ABSTRACT

In this and the following chapter we aim to elaborate on the cultural change programme according to the model of study presented in Chapter 4. The structure of the two chapters will thus largely describe various steps in the cultural change dynamic in order to, at least loosely, describe the emergence and formulation of the ideas and frameworks of those managers initiating the cultural programme as a planned change. We thus investigate how the managers (and others) perceived the situation prior to the conception and initiatives of the cultural change programme, what (if anything) management wanted to achieve by initiating such work, and how they worked with issues of design, implementation and interaction with the rest of the company. We also aim to show how the programme was received by those supposedly targeted by it as well as whether the programme may have resulted in any significant imprints on the organization. In the story below the design and implementation will be covered to a larger extent than the other aspects of the process, since we will return more frequently and extensively to the latter in the thematic chapters following the account of the trajectory.

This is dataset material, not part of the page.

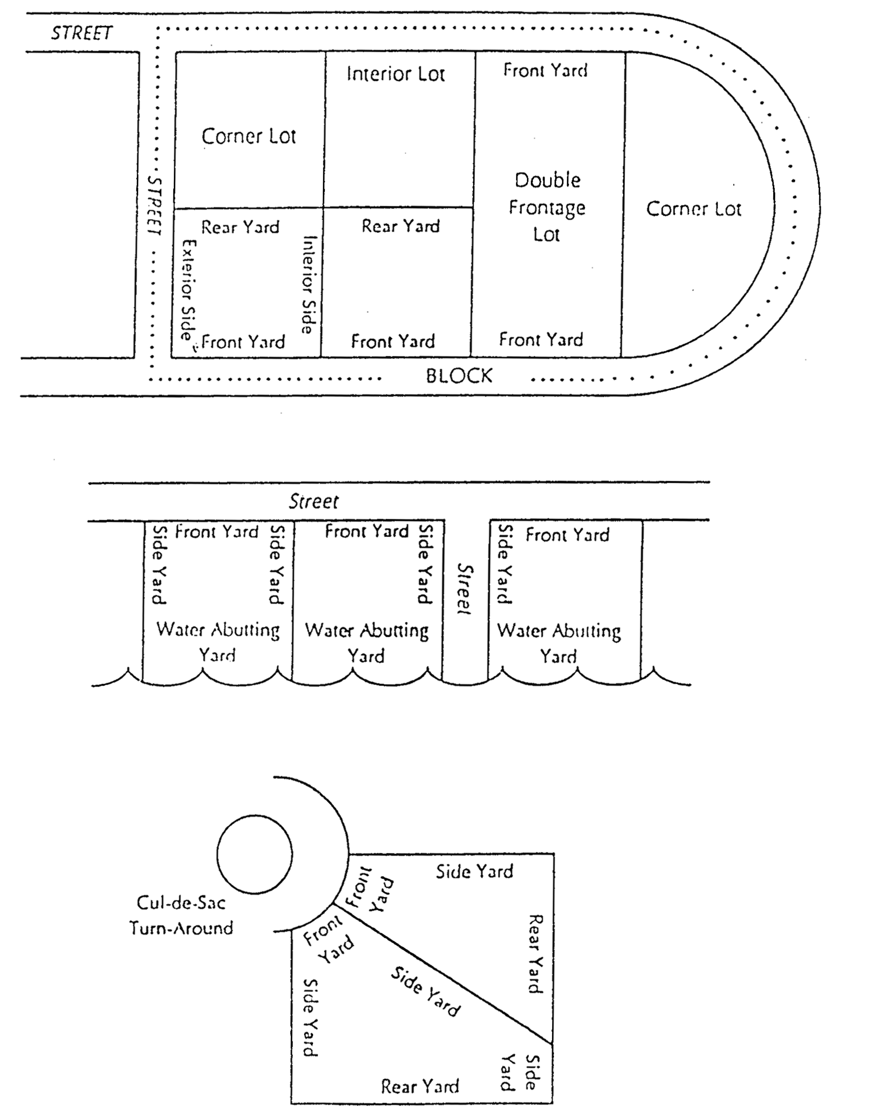 Yard (see graphic 1-A at the end of this section of the ordinance):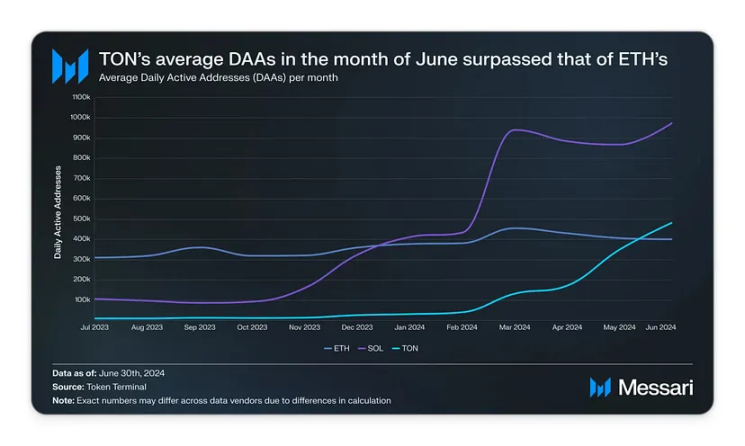 USDT-TON 的推出使得 TON 在 2024 年 Q2 TVL 增长 7 倍,其平均每日活跃地址(DAA)超越以太坊

The two chapters are thus organized in the following sections, following our model for investigations:

• I Background; • II Objectives: strategy formulation; • III Design; • IV Implementation and interaction; • V Reception and interpretation – immediate responses and thoughts about the

messages and the process; • VI Results and outcomes – more long-term responses (change of values/

practices, picking up new concepts, observing changes that may be related to the cultural programme).